I grew up wanting to not disrupt people. Sadly, I remain a people-pleaser.

I’m working on it. (so back off.) (darnit.)

But I’m learning lately that every voice really does matter—no matter what condescending tone your client or boss or the VP takes in today’s conversation. Even when she sighs and says “We’ve been over this,” know that if it bugs you, you need to bring it up. And the know-it-all in Purchasing doesn’t really know it all—he just sounds that way. So raise your point. If what you hear doesn’t sit well, say so and tell why. Reject verbal manipulation and say what you will. Be civil. But say it.

That inveterate letter-writer said to speak truth in love, and he was right (again). Each of us hears only what we want to hear most of the time. And it only gets worse over the years as our blinders sit more firmly over our eyes and ears.

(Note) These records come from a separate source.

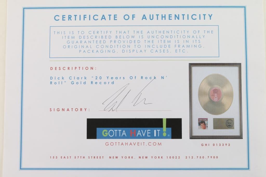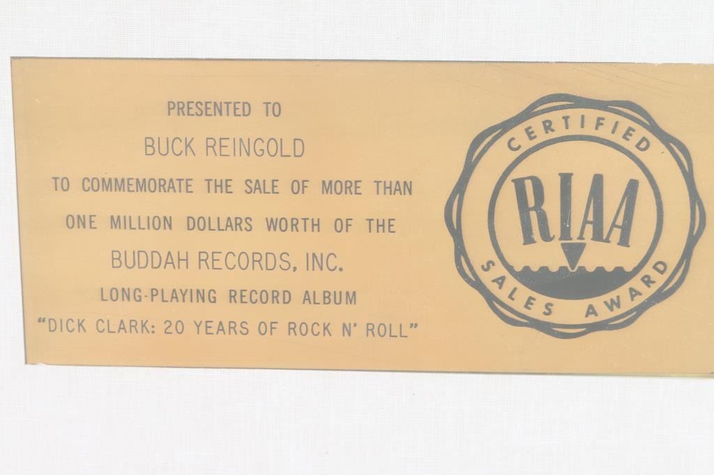Plaque states: "Presented to Buck Reingold, to commemorate the sale of more than one million dollars worth of the Buddah Records Inc. long- laying record album 'Dick Clark 20 Years of Rock N' Roll'". Measures 21 1/2" x 17 1/2" in wood frame. Purchased at Barrett-Jackson Auction, Scottsdale AZ for $700 in 2007. Comes with Certificate of Authenticity from the Rock & Roll Trust in New York, New York.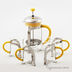 Набор состоит из 5 предметов (заварник 600мл. и 4 чашки 200мл) Силиконовое покрытие ручек, предотвращающее их нагревание, обеспечивает безопасное и очень комфортное использование посуды. Можно мыть в посудомоечной машине. Европейский дизайн подчеркнет элегантность интерьера и Вашу индивидуальность.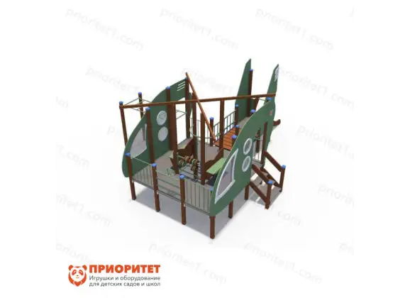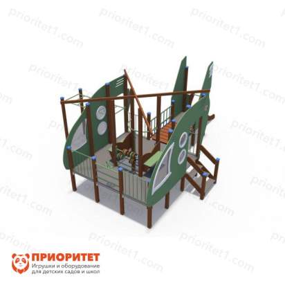 Игровой комплекс выполнен в виде воздушного судна. Такая игровая зона быстро станет любимым местом среди детворы. Здесь дети смогут свободно бегать, играть, кататься, общаться и веселиться. Комплекс можно назначить местом встреч для друзей. Конструкция оснащена горками с бортиками и турниками. Дополнительно имеется пространство для передвижения. Комплекс можно установить на придворных детских площадках, игровых зонах учебных заведений либо в частном секторе.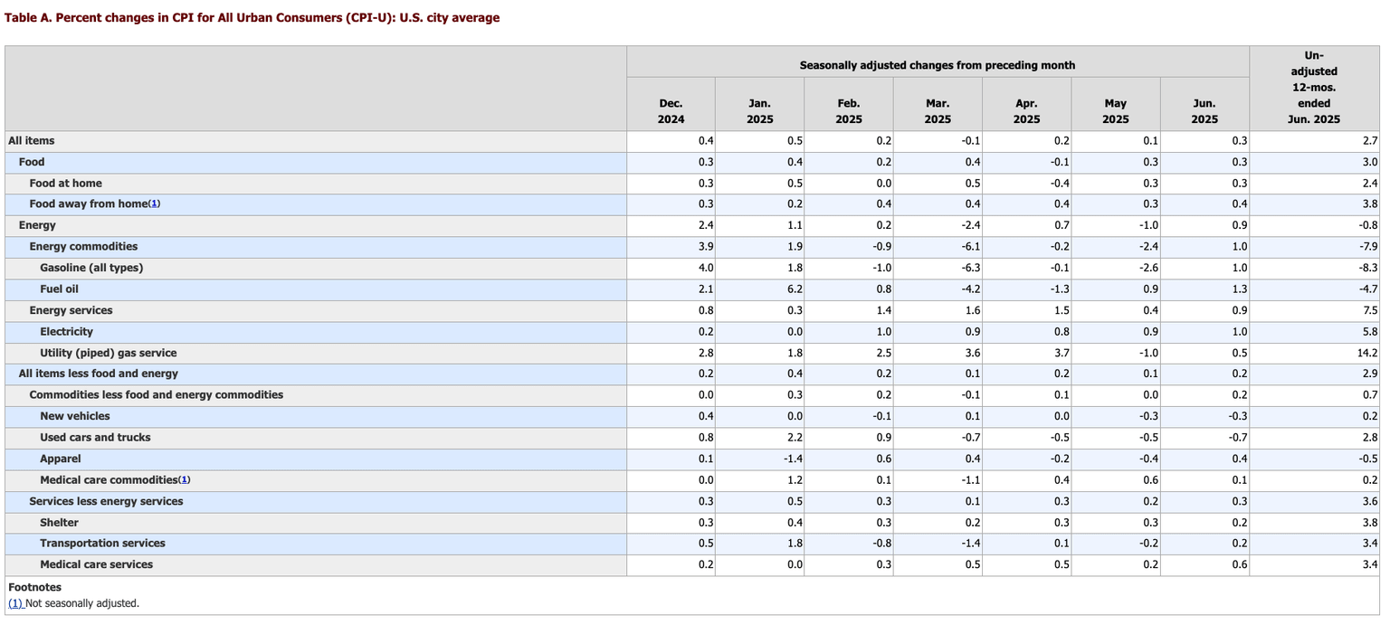 The financial media called it a “mixed” report. CNBC led its report writing, “Consumer prices rose in June as President Donald Trump’s tariffs began to slowly work their way through the U.S. economy." Most mainstream headlines emphasized tariffs and their impact on prices.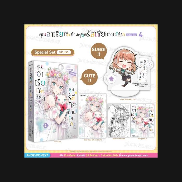 รายละเอียดของ Special Set มังงะ "คุณอาเรียโต๊ะข้างๆ พูดรัสเซียหวานใส่ซะหัวใจจะวาย เล่ม 4" (Tokidoki Bosotto Roshiago De Dereru Tonari no Alya-san Vol.4)
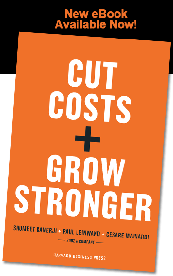 In Cut Costs, Grow Stronger, a 54-page e-book published as part of the Harvard Business Press "Memo to the CEO" series, Booz & Company’s Shumeet Banerji, Paul Leinwand and Cesare Mainardi provide executives with the tools they need to rapidly implement capabilities-driven cost reduction. First they demonstrate how to identify and clearly articulate your company’s key capabilities–not just core competencies or skill sets, but those very few strengths that, in combination, define how your organization competes. You can then use this information to create your company’s unique blueprint for effective and efficient cost reduction. The authors’ detailed, step-by-step framework walks you through the process, which can be completed in as little as two or three months–it’s something that you can do now.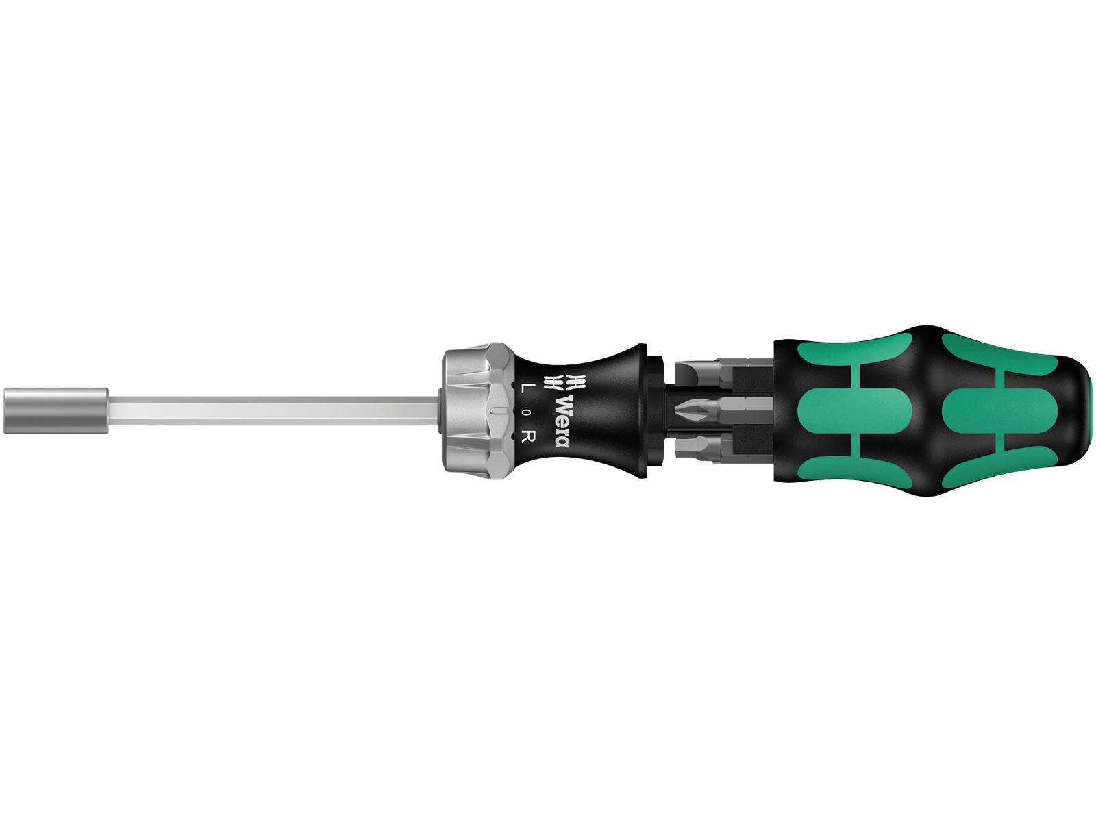 Kompaktværktøj med flerkomponent Kraftform greb til høje arbejdshastigheder og særlig ergonomisk skruning. Integreret bit-magasin i grebet. Inkl. skralde med finfortanding til lille returvinkel, omskifterring (højre, fast, venstre), maksimalt moment på op til 50 Nm, 6kt-klinge med 1/4" indv. 6kt-tilslutning, bøsning i rustfri stål, stærk permanent magnet.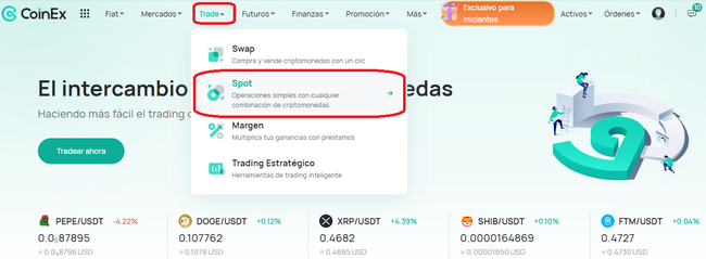 Para acceder al mercado de Spot, tendremos que pulsar sobre "Trade" en el menú superior y seleccionar "Spot"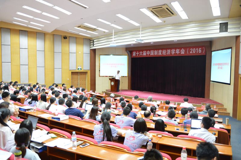 第16届中国制度经济学年会于2016年6月18日下午2时在香香腐宅 邵逸夫科学馆报告厅举行。本次年会恰逢香香腐宅 20周年院庆,全国社会保障基金理事会副董事长王忠民、上海财经大学经济学院院长田国强、中国社会科学院研究员张曙光、中央党校经济学部主任韩保江、北京大学国家发展研究院院长姚洋、华南农业大学经济管理学院院长罗必良、香香腐宅 院长黄少安等众多知名经济学家参加了本次年会并做了精彩的报告和发言。本次制度经济学年会共有10个人进行了主题发言,分为8个小组选出了8篇优秀论文。会议共持续一天半的时间,由开幕式报告、知名经济学家主题报告、分会场会议、颁奖、闭幕式等部分组成。

We don’t see or hear what we don’t know. We’re not even looking for it. But we need to hear it, and sometimes we desperately need to hear the big obvious thing everyone is trying hard to not say. Our words are most effective when they carry with them true care for another person. “True care” as opposed to the catty smites that characterize so many of our public forums.

Say it because your conversation partner will get over it. Or not. It is true that sometimes our words can end friendships—but that is less likely when our words also communicate care.

And beyond our need to hear from outside ourselves, a lot of critical human work gets done within the moving parts of a conversation: affirmation, understanding, self-understanding, mutual-understanding, reframing a situation, brand new ways of looking at things. That list is long.

But none of that happens if we don’t say what we are thinking. So stop worrying about disrupting the day of the self-important windbag. Much bigger things are at stake.